Please give the lines below again exactly as they stand, from the one that contains "⑴将图中数字所代表的大洲的名称填写在下面的空格内。" up to and including the one that contains "14K Yellow Gold", leaving all pictures out.

SUPPLIED INFORMATION —

--

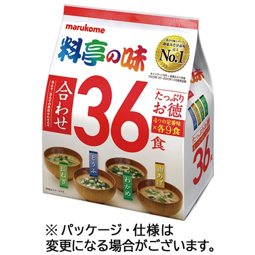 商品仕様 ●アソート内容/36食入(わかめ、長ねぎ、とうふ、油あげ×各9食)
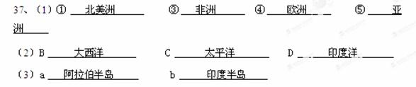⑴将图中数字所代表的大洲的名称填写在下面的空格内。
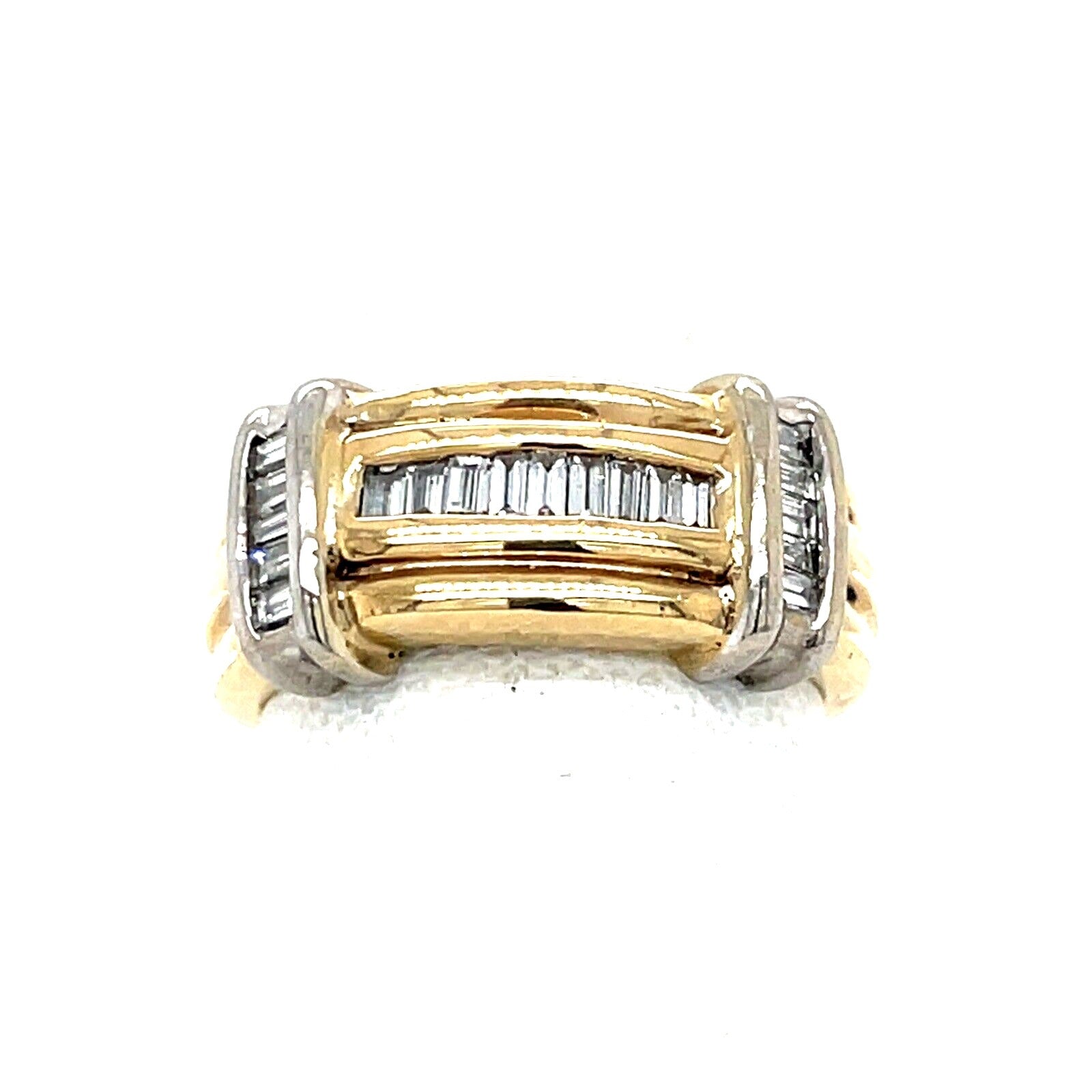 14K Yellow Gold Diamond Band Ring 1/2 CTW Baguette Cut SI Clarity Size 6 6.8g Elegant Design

--

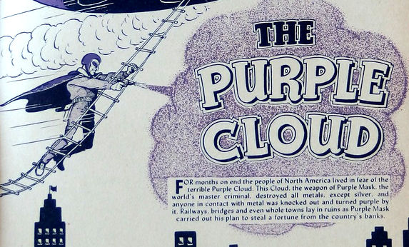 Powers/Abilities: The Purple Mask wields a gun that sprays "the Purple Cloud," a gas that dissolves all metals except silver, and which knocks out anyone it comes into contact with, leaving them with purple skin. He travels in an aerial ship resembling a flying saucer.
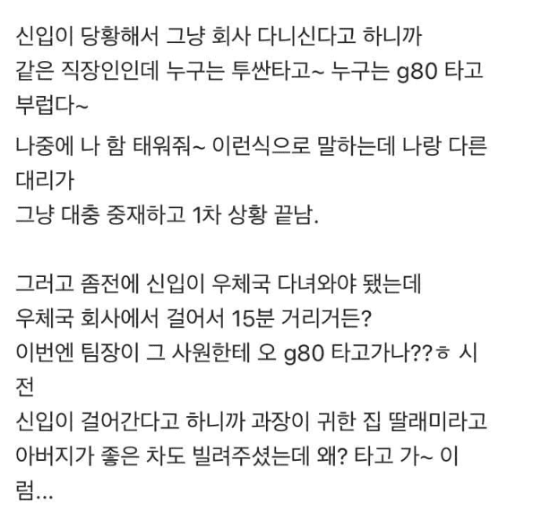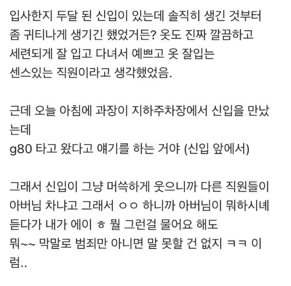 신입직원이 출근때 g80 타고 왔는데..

--

SOLUTION FOR THIS TASK —
⑴将图中数字所代表的大洲的名称填写在下面的空格内。
 14K Yellow Gold Diamond Band Ring 1/2 CTW Baguette Cut SI Clarity Size 6 6.8g Elegant Design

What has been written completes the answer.